Formidable succès à sa sortie, cette œuvre à la beauté formelle époustouflante a tellement marqué les esprits que la superbe musique du film (signée Mikis Theodorakis) est devenue un incontournable de la musique populaire grecque, tandis que le sirtaki (danse inventée pour le film) est devenue la danse la plus célèbre de Grèce, alors même qu’elle n’a rien d’authentique. Quelle meilleure preuve de l’impact du long-métrage sur l’ensemble du monde ?

ANALYSE : Le feu et la glace

Adapté d’une nouvelle de Nikos Kazantzakis, à qui l’on doit aussi La dernière tentation du Christ, Zorba le Grec s’inscrit dans la grande tradition des récits picaresques, où le protagoniste s’embarque, souvent malgré lui, dans une série d’aventures rocambolesques qui vont le faire grandir. Car, en débarquant en Crète pour prendre possession de son héritage paternel, Basil – qui incarne le regard du spectateur – ne se doute pas un instant de ce qui l’attend. Au cours d’une trajectoire puissamment initiatique, il fait l’expérience de l’amour, de l’amitié, de la violence et de la mort, comme si l’âme de la terre grecque, berceau de la tragédie occidentale, le traversait. Lui, cet Anglais glaçant et corseté par des codes victoriens d’un autre âge, s’ouvre peu à peu à la vie et à la puissance des émotions humaines. Il faut dire qu’il trouve un mentor extraordinaire en la personne de Zorba, sorte de Bacchus des temps modernes, qui l’initie aux plaisirs les plus simples – la danse, la nourriture, le sexe – et, partant, lui offre la possibilité de goûter à la passion. Aux antipodes de Basil, Zorba est un personnage rabelaisien, animé par une force tellurique et un élan vital indomptable, qui emporte tout sur son passage. Impossible de faire plier Zorba qui, malgré ses échecs, se relève toujours et se met à danser rageusement, comme pour défier la mort et la détresse.
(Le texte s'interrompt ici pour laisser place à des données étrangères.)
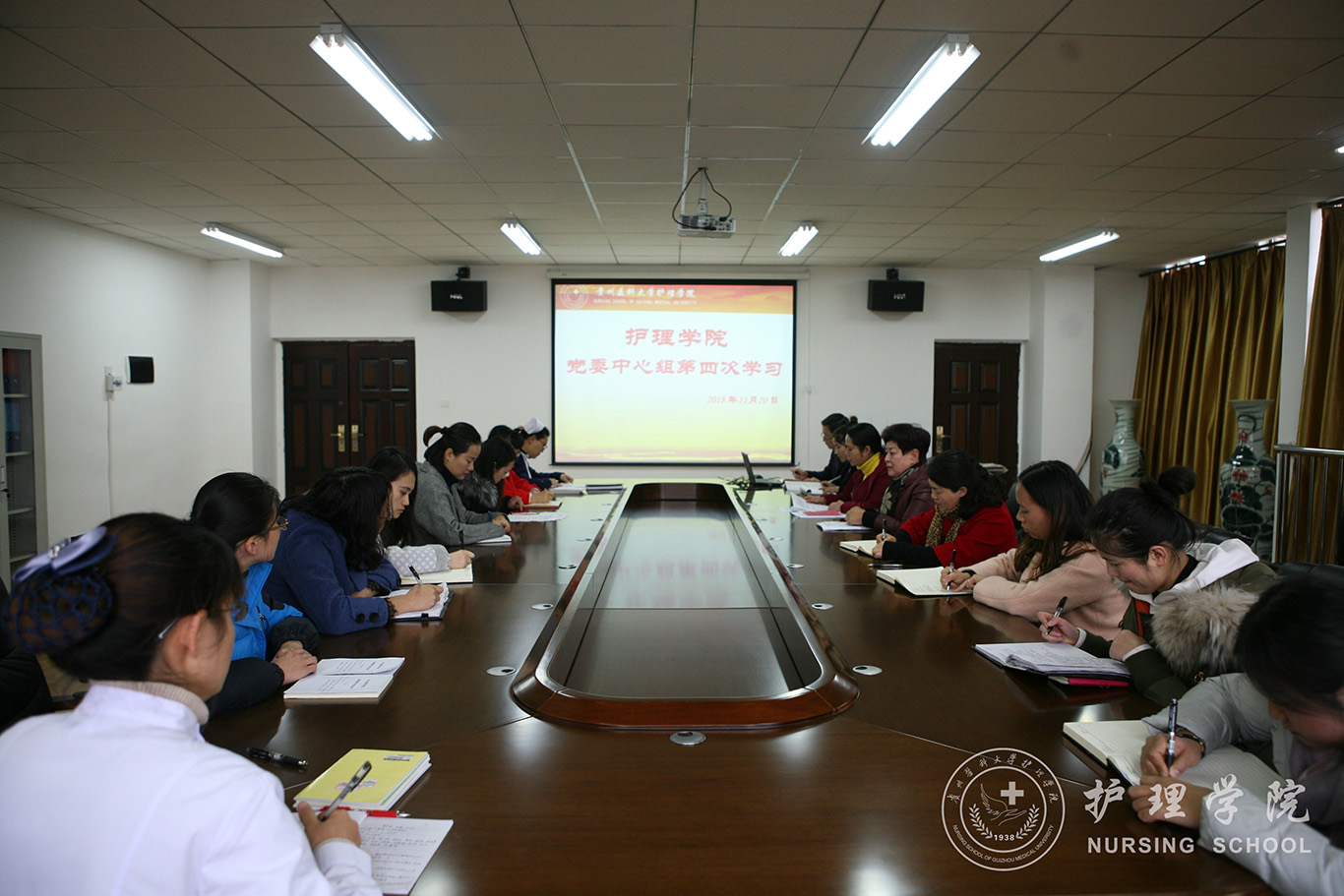 根据校党委的有关要求,11月20日上午,1683168诸侯快讯官网在南校区百川楼五楼会议室召开了党委中心组专题学习会,会议由院党委副书记杨英同志主持,党委中心组全体成员参加学习并发言,学院副科级以上干部、全体辅导员参加会议。

Habité par le rôle jusqu’à se confondre avec lui, Anthony Quinn évoque à la fois Falstaff, Tom Jones et Nijinski ! Solaire, il attire Basil et partage avec lui sa lumière. Mais c’est aussi un être complexe qui comporte sa part d’ombre : quand il révèle son drame personnel à son ami, il laisse entrevoir une vulnérabilité qu’on ne soupçonnait pas.

Lumineux et ténébreux à la fois, Zorba condense le propos du film qui exalte l’appétit de vie et jette, dans le même temps, un regard désillusionné sur la Grèce des années 60 et les rapports entre les sexes. Jouant sur les contrastes saisissants entre ombre et lumière, le cinéaste pointe l’oppression qui asphyxie la société et le regard archaïque sur le statut subalterne de la femme. Loin, très loin des clichés sur les paysages grecs paradisiaques, le film de Cacoyannis se rapproche par moments d’une tragédie classique, avec son enchaînement funeste de malheurs qui frappent les protagonistes. Rien d’étonnant quand on sait que le réalisateur, également metteur en scène de théâtre, a signé une adaptation d’Électre pour le grand écran deux ans plus tôt. La musique de Mikis Theodorakis, ample et mélodieuse, a largement contribué à la notoriété du film.
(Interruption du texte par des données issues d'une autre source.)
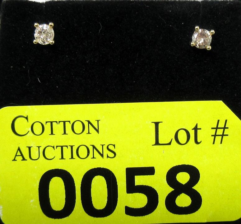 Total of Half Carat of Diamonds. Yellow Gold Claw Setting. Post & Butterfly.
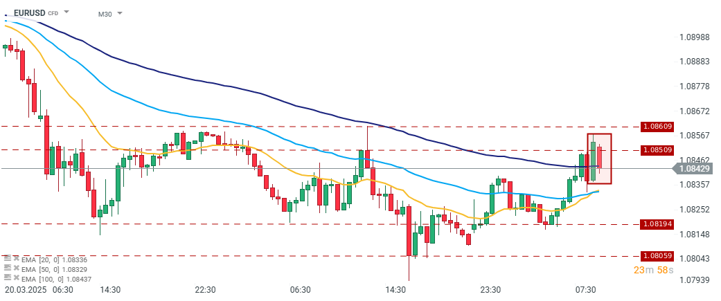 Dane z Francji spowodowały lekkie umocnienie się euro w stosunku do dolara, jednak większość ruchów została wymazana po publikacji danych z Niemiec. Źródło: xStation

Si Anthony Quinn est époustouflant, il ne faut pas oublier Irene Papas, magnifique en veuve conspuée par ses contemporains, et surtout Lila Kedrova qui campe une courtisane extravagante, tour à tour sublime et pathétique, justement récompensée par un Oscar. La musique de Mikis Theodorakis, ample et nostalgique, a largement contribué à la notoriété du film et popularisé le folklore grec dans le monde entier. Sur un total de trois nominations aux Oscars, le film a décroché deux statuettes, dont une pour la photo inspirée de Walter Lassally.